[Opening RECORDED DATA section]
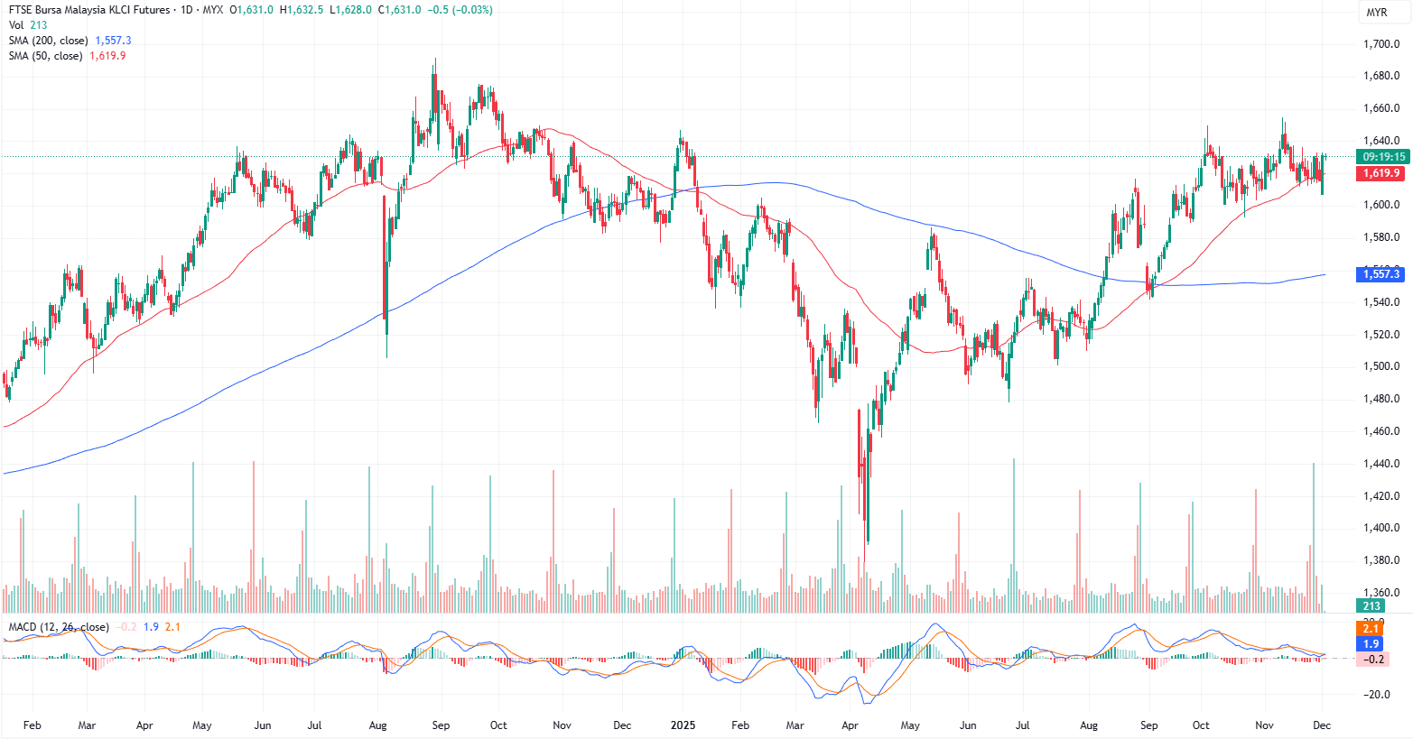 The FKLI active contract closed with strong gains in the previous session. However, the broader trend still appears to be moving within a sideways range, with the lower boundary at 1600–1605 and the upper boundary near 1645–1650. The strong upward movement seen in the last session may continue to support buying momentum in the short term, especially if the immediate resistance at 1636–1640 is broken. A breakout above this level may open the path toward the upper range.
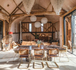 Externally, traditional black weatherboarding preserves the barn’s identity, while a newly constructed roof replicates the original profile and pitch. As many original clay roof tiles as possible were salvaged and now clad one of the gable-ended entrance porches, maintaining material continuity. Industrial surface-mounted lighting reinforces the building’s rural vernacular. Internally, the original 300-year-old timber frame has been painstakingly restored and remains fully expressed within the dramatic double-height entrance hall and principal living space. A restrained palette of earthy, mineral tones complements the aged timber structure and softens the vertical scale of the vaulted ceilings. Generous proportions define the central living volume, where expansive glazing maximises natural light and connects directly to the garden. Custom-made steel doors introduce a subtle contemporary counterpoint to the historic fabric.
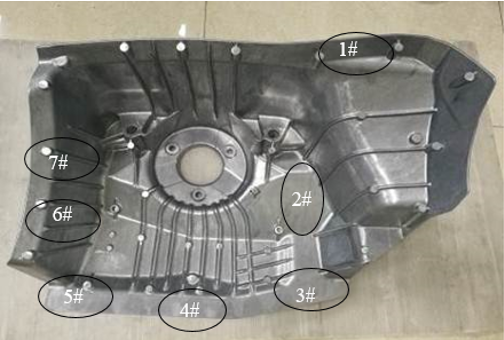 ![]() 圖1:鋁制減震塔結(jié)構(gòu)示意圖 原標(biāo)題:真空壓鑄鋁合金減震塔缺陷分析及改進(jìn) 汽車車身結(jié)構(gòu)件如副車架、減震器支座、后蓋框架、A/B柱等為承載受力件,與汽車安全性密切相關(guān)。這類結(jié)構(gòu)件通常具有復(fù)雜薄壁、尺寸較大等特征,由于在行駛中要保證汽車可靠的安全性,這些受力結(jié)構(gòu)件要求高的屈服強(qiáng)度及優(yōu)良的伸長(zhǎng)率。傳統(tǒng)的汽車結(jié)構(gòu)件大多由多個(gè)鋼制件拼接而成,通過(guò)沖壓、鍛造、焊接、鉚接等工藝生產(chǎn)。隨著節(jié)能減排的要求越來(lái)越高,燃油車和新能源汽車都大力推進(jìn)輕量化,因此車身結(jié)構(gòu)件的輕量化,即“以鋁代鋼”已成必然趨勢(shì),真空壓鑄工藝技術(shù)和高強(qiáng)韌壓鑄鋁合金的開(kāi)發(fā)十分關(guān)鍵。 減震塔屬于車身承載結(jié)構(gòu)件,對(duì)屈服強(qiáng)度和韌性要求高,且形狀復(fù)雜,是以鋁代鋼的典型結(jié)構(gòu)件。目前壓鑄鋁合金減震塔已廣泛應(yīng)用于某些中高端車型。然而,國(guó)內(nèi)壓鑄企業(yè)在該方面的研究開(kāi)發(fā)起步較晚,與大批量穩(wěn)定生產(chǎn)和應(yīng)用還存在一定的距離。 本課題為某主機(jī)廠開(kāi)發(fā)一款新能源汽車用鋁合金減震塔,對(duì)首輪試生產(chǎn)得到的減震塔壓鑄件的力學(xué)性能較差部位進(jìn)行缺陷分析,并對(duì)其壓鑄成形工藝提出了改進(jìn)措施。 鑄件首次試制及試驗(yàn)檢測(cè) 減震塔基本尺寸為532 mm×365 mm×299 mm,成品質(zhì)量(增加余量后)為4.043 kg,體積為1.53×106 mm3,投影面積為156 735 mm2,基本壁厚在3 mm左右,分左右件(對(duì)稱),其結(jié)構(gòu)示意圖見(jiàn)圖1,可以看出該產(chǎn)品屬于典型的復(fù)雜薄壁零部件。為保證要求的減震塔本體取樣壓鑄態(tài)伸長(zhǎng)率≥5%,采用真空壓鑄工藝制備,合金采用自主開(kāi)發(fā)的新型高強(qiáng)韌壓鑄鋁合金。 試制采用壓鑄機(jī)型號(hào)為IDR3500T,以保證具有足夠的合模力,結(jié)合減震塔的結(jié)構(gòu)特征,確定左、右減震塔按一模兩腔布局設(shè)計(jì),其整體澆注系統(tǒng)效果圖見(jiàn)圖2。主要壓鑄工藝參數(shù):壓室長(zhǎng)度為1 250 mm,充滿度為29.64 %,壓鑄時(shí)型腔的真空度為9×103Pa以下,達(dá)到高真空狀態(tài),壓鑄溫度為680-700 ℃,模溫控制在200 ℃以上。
[Closing RECORDED DATA section]
- WHAT YOU HAVE TO DO -
Reproduce the whole listing above word for word, dropping each image.

- RESULT FOR THIS TASK -
 The FKLI active contract closed with strong gains in the previous session. However, the broader trend still appears to be moving within a sideways range, with the lower boundary at 1600–1605 and the upper boundary near 1645–1650. The strong upward movement seen in the last session may continue to support buying momentum in the short term, especially if the immediate resistance at 1636–1640 is broken. A breakout above this level may open the path toward the upper range.
 Externally, traditional black weatherboarding preserves the barn’s identity, while a newly constructed roof replicates the original profile and pitch. As many original clay roof tiles as possible were salvaged and now clad one of the gable-ended entrance porches, maintaining material continuity. Industrial surface-mounted lighting reinforces the building’s rural vernacular. Internally, the original 300-year-old timber frame has been painstakingly restored and remains fully expressed within the dramatic double-height entrance hall and principal living space. A restrained palette of earthy, mineral tones complements the aged timber structure and softens the vertical scale of the vaulted ceilings. Generous proportions define the central living volume, where expansive glazing maximises natural light and connects directly to the garden. Custom-made steel doors introduce a subtle contemporary counterpoint to the historic fabric.
 ![]() 圖1:鋁制減震塔結(jié)構(gòu)示意圖 原標(biāo)題:真空壓鑄鋁合金減震塔缺陷分析及改進(jìn) 汽車車身結(jié)構(gòu)件如副車架、減震器支座、后蓋框架、A/B柱等為承載受力件,與汽車安全性密切相關(guān)。這類結(jié)構(gòu)件通常具有復(fù)雜薄壁、尺寸較大等特征,由于在行駛中要保證汽車可靠的安全性,這些受力結(jié)構(gòu)件要求高的屈服強(qiáng)度及優(yōu)良的伸長(zhǎng)率。傳統(tǒng)的汽車結(jié)構(gòu)件大多由多個(gè)鋼制件拼接而成,通過(guò)沖壓、鍛造、焊接、鉚接等工藝生產(chǎn)。隨著節(jié)能減排的要求越來(lái)越高,燃油車和新能源汽車都大力推進(jìn)輕量化,因此車身結(jié)構(gòu)件的輕量化,即“以鋁代鋼”已成必然趨勢(shì),真空壓鑄工藝技術(shù)和高強(qiáng)韌壓鑄鋁合金的開(kāi)發(fā)十分關(guān)鍵。 減震塔屬于車身承載結(jié)構(gòu)件,對(duì)屈服強(qiáng)度和韌性要求高,且形狀復(fù)雜,是以鋁代鋼的典型結(jié)構(gòu)件。目前壓鑄鋁合金減震塔已廣泛應(yīng)用于某些中高端車型。然而,國(guó)內(nèi)壓鑄企業(yè)在該方面的研究開(kāi)發(fā)起步較晚,與大批量穩(wěn)定生產(chǎn)和應(yīng)用還存在一定的距離。 本課題為某主機(jī)廠開(kāi)發(fā)一款新能源汽車用鋁合金減震塔,對(duì)首輪試生產(chǎn)得到的減震塔壓鑄件的力學(xué)性能較差部位進(jìn)行缺陷分析,并對(duì)其壓鑄成形工藝提出了改進(jìn)措施。 鑄件首次試制及試驗(yàn)檢測(cè) 減震塔基本尺寸為532 mm×365 mm×299 mm,成品質(zhì)量(增加余量后)為4.043 kg,體積為1.53×106 mm3,投影面積為156 735 mm2,基本壁厚在3 mm左右,分左右件(對(duì)稱),其結(jié)構(gòu)示意圖見(jiàn)圖1,可以看出該產(chǎn)品屬于典型的復(fù)雜薄壁零部件。為保證要求的減震塔本體取樣壓鑄態(tài)伸長(zhǎng)率≥5%,采用真空壓鑄工藝制備,合金采用自主開(kāi)發(fā)的新型高強(qiáng)韌壓鑄鋁合金。 試制采用壓鑄機(jī)型號(hào)為IDR3500T,以保證具有足夠的合模力,結(jié)合減震塔的結(jié)構(gòu)特征,確定左、右減震塔按一模兩腔布局設(shè)計(jì),其整體澆注系統(tǒng)效果圖見(jiàn)圖2。主要壓鑄工藝參數(shù):壓室長(zhǎng)度為1 250 mm,充滿度為29.64 %,壓鑄時(shí)型腔的真空度為9×103Pa以下,達(dá)到高真空狀態(tài),壓鑄溫度為680-700 ℃,模溫控制在200 ℃以上。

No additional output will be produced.